Wednesday, May 30, 2018

Ayers Diner

1947 Charles C. Ayers (1908 -1983) with his wife (Mary Cicatelli Ayers) and children (Paul, Charles and Margaret) opened the Ayers Diner at North Salisbury Boulevard and London Street in Salisbury, Maryland.  It had a capacity for about 44 people.

1949 they had a new dining room (22x36 block and stucco) added to the diner that could seat 66 people.  It almost doubled the capacity of the restaurant.  The Dining room was constructed by Ed Wainwright, who would later construct and operate the State Line Motel, Restaurant etc complex at the State Line in Delmar.  

In 1952 Mr. Ayers replaced the old diner with a new stainless steel Mountain View Diner made in New Jersey (see above).  It was moved from the factory in Singac, New Jersey to Salisbury at 12 miles an hour.  The new diner at a cost of $75,000 was 66 by 17 feet and seated 102 people. It is the diner most people associate with Ayers Diner due to the postcard images. Mr. Ayers chose a light rose color scheme inside the diner and the 12 waitresses wore uniforms that reflected that color scheme. The restaurant was open 24-hours a day.  The light rose color is also the color reflected in the postcards of the diner. A block and stucco addition was added later.

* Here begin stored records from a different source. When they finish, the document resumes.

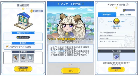 タウン内に新コンテンツ「ソメイユの魔物相談所」が登場します。「ソメイユの魔物相談所」では、魔物を指定し、アイテム「切手」を消費することにより、アンケートの手紙を送ることができます。8時間後に返事を受け取ると、指定した魔物の絆ランク経験値やアイテムを入手できます。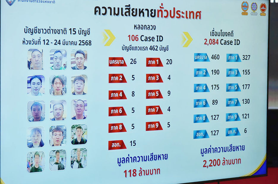 ထိုင်းတော်ဝင်ရဲတပ်ဖွဲ့၏ အထွေထွေစစ်ဆေးရေးချုပ်နှင့် နည်းပညာရာဇဝတ်မှုနှိမ်နင်းရေးဌာန၏ ညွှန်ကြားရေးမှူး ရဲချုပ် သက်ချိုင်း ပီတာနီလာဘတ်က ယနေ့ မေလ ၂၁ ရက်နေ့တွင် တော်ဝင်ထိုင်းရဲတပ်ဖွဲ့ဌာနချုပ်၌ အဆိုပါ အွန်လိုင်းလိမ်လည်မှု အဓိကစစ်ဆင်ရေး၏ ရလဒ်များကို ကြေညာရန် သတင်းစာရှင်းလင်းပွဲတစ်ခု ပြုလုပ်ခဲ့သည်။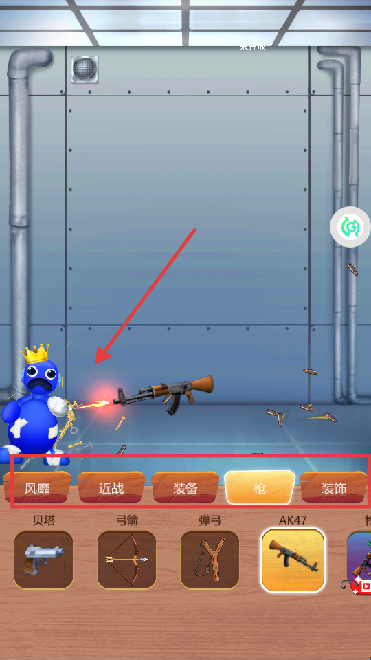 3、切换【枪】类道具,选中【AK47】射击目标,借子弹打击体验解压,注意把控弹药消耗节奏。

The Mountain View Diner Company would cease operation in 1957 after making about 400 diners over its 20 year history.  They were makers of the classic prefabricated stainless steel diner with a formica counter and bolt down stools, tile or terazza floor, and formica tables.  

In 1952 the businesses that were around Ayers Diner were E. S. Adkins, The Star Laundry, Pete’s Amoco, Sweetheart Bakeries, Peninsular Roofing, Frank Mohler Atlantic, and the North End Esso,

In 1956 he opened a second Ayers Diner in Easton, Maryland.

1961 Mr Ayers leased the restaurant in Salisbury and moved to Easton where he operated the second Ayers Diner.

As you can tell from the 1952 photograph above there was very little front space for parking.  Up until 1963 parking was allowed on each side of Salisbury Boulevard and the businesses on RT13 didn’t have to have a parking lot or at least not a very large parking lot. In fact when Charles Ayers moved the new diner in to the spot in 1952 he moved it 12 feet closer to Salisbury Boulevard.   In 1963 Mayor Frank Morris did away with on street parking on RT13.  This led to a lot of protest from business owners particularly Charles Ayers, but there was no longer parking on RT13.

By the late 1960s maybe early 1970s the restaurant shutdown.  In 1975 the diner had been moved from its London Street location to the Stateline motel on RT13 a few block south of its original London street location, to be used as a diner. The location and whereabouts of the diner is unknown after 1975.

Above the present building on the property where the diner stood.